Future research we are interested in would be exploring further languages
in the same analysis. Additionally, we are interested in a longitudinal
analysis. For instance, Marathi was very recently added to Google
Translate's inventory of languages. Knowing that Google Translate is
supposed to improve over time based on user feedback, perhaps, we could
analyze divergences in Marathi to English outputs at intervals over time
and check for degree of improvement.
As far as improving our analysis, perhaps we could develop a schema that
considers finer details. For instance, we could identify clauses and
identify in which they are transposed (are predicates appearing before
subjects? Are relative clauses not properly conjoined with the noun they
are describing?) Another possibility could be developing a more coherent
strategy for dealing with verb phrases... should they all be identified as
a phrases or would it be better to identify them into phrases and then
chunk them into individual words, and identify errors on a word level?

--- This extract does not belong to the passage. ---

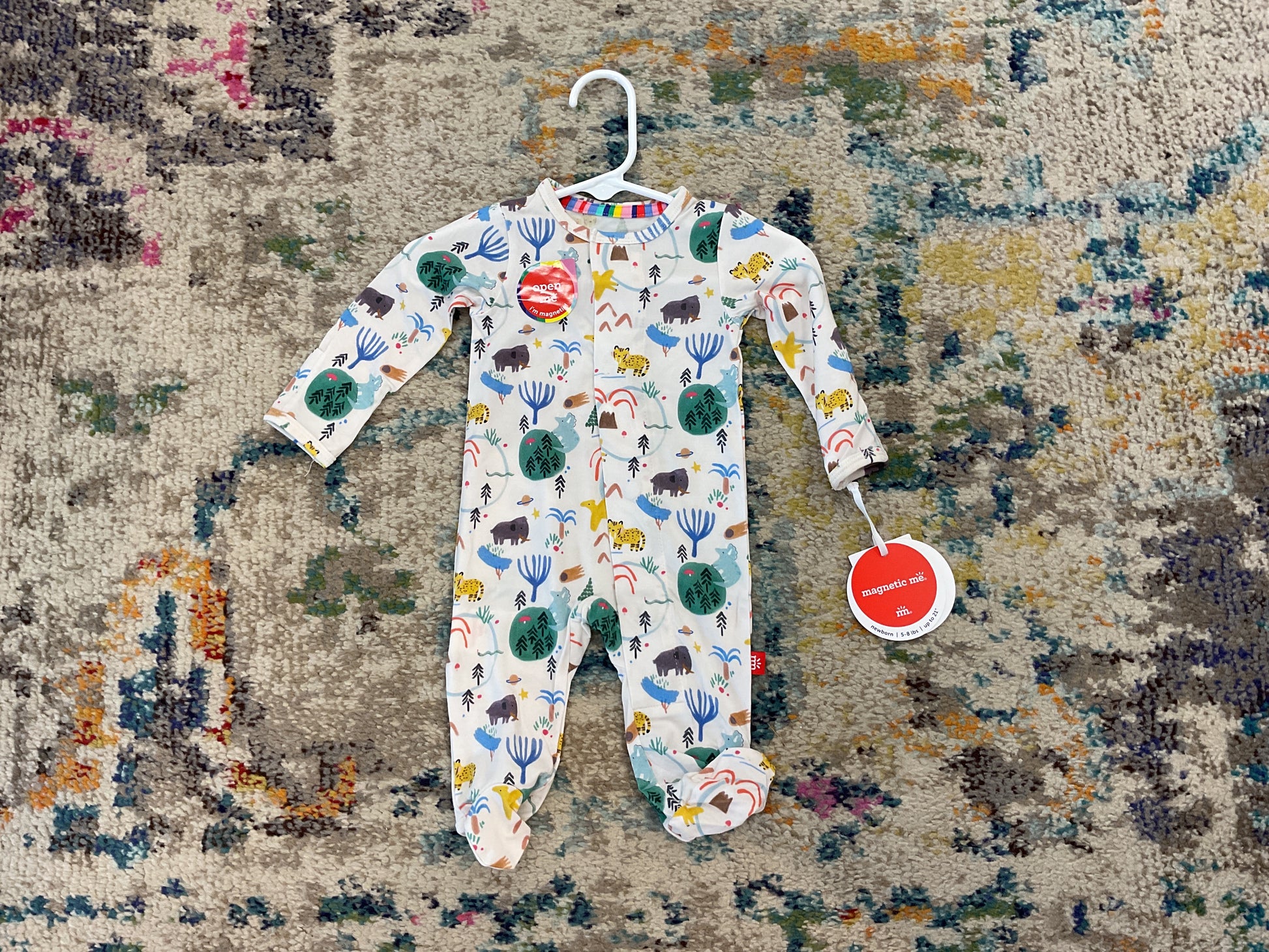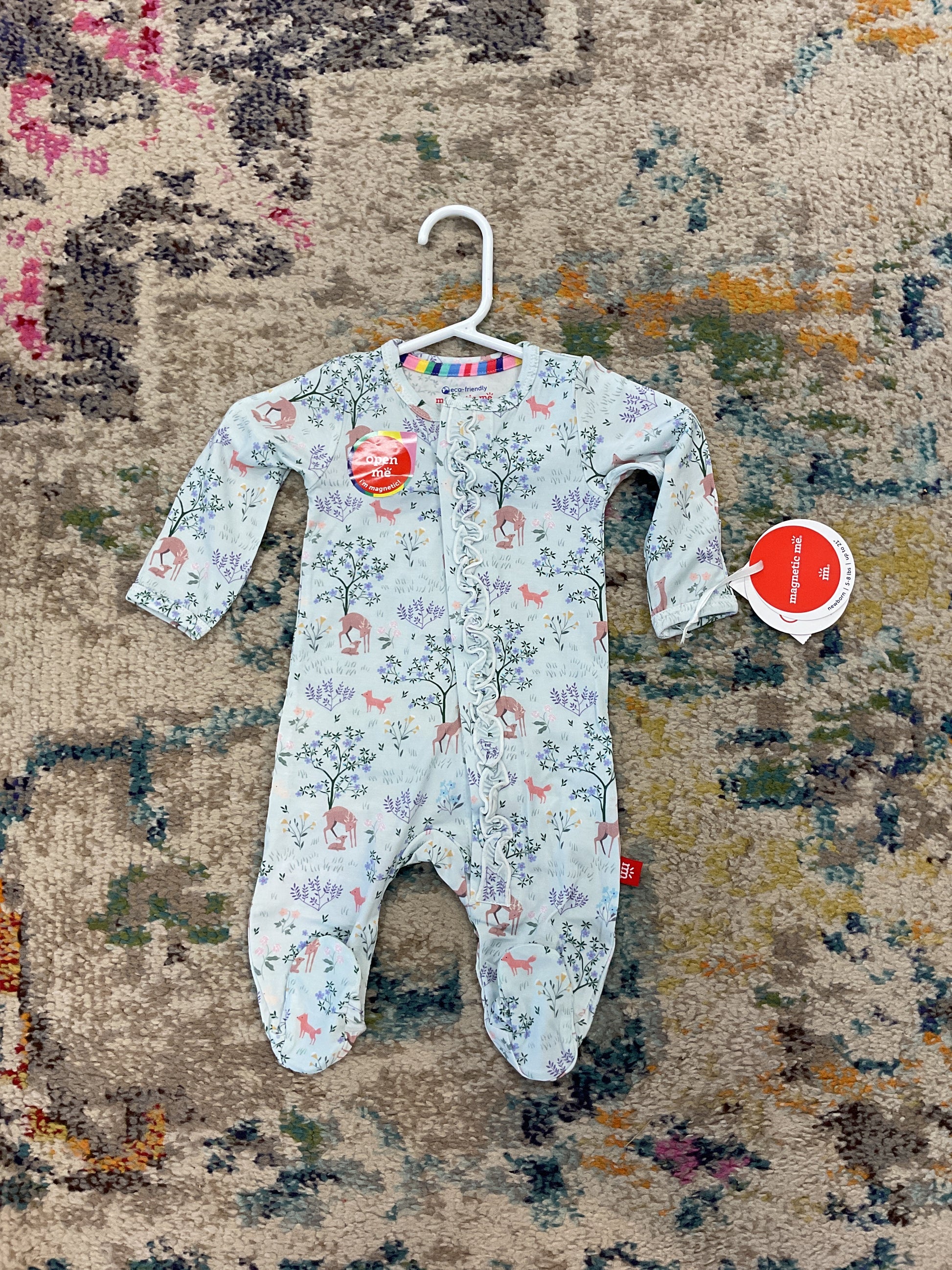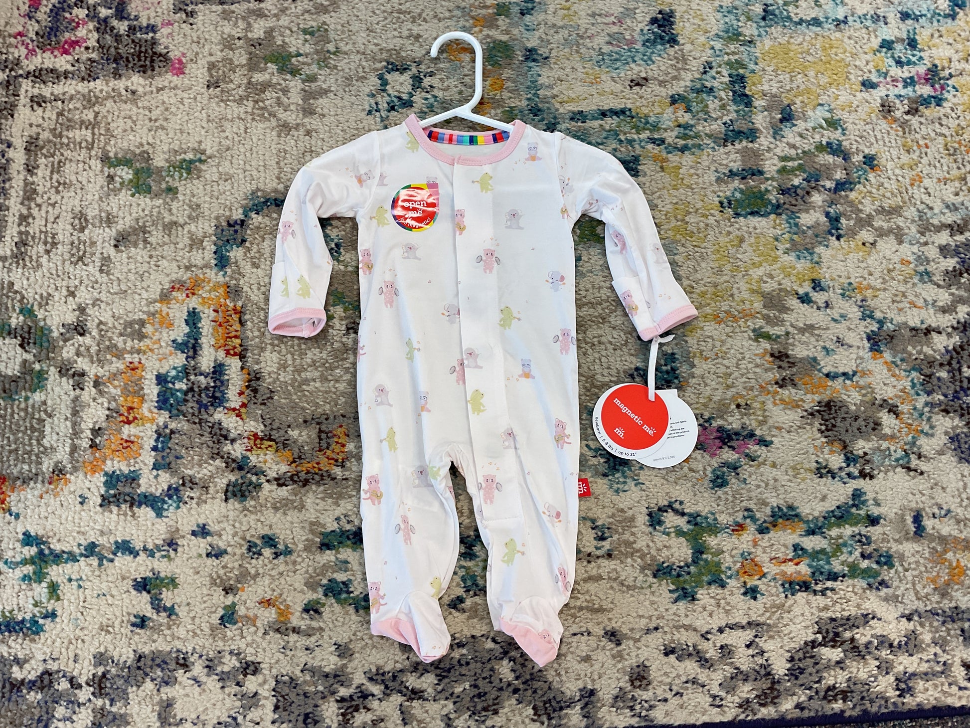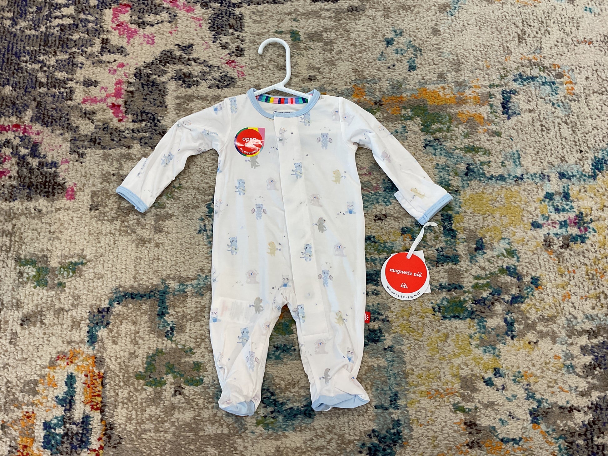 - magnetic closures: magnets line the seam from the neck to upper thigh for sizes up to 0-3m & from neck to crotch for sizes 3-6m and up.

Finally, while this aspect was set aside for this particular project for
reasons specified in the methodology section, perhaps we could develop a
method where we would attempt to identify multiple errors in one word, and
see how this different approach would affect our results.
It would also be interesting to characterize the types of grammatical
environments specific errors are occurring. This might shed light on what
is triggering specific errors.
Overall, we believe our analysis as is did a thorough job of answering our
initial research questions and could serve as a sound jumping off point
into asking more exploratory questions regarding machine translation and
machine learning.